When does the extraordinary become ordinary? When we can do it?
When it is cost-effective? When success is probable? When? Then we add to
this the “quality of life” issue. No one will claim that there is any
quality to Terry’s life. But I have known quit a few parishioners, alive
and well and eating and breathing on their own, who wanted to die because
they found no quality to their lives. They were merely existing day to day
and falling off to sleep each night praying to God to take them home
before morning.
When we cannot do something, the issue is moot; but it is also an
excellent time to debate and discuss it. We should have had the “Terry
Schiavo Case” issue discussed thirty or forty years ago as a “when and
if” issue. We did not.

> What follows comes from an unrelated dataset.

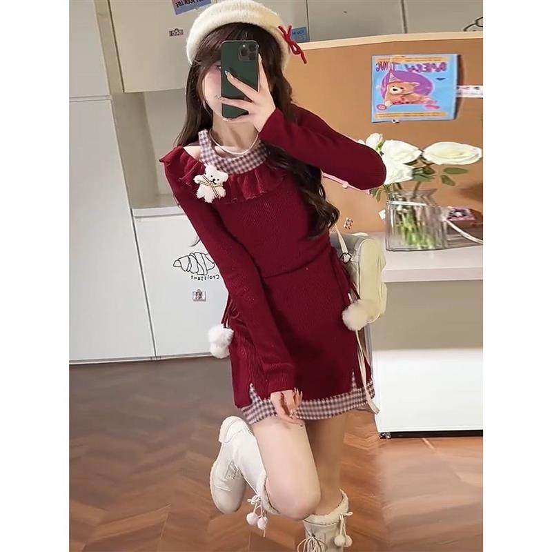 辣妹圣诞红色格子荷叶连衣裙长袖针织冬季新款收腰显瘦短裙裙子

Now we are ruing that failing. The church and
society have failed. We have failed. We now grope for answers to questions
we should have asked before they became questions. We now must deal with
real issues, not in some ideal, quiet setting, but before judge, jury, and
the prying eyes and endless questions of the media. And it’s our own
fault.
I am sorry for Terry and her family. They have all had to endure
too much and needlessly so if we had done our work a long time ago. But if
Terry’s case finally forces us to get to the heart of the matter, then
her family’s suffering and pain will not have be in vain.
There are many questions now to be asked, perhaps beginning with
“When does ‘because we can’ become a ‘must’”? Even more, who
ultimately decides? Who decides who ultimately decides? Those are just for
starters. For Terry’s sake, let us begin.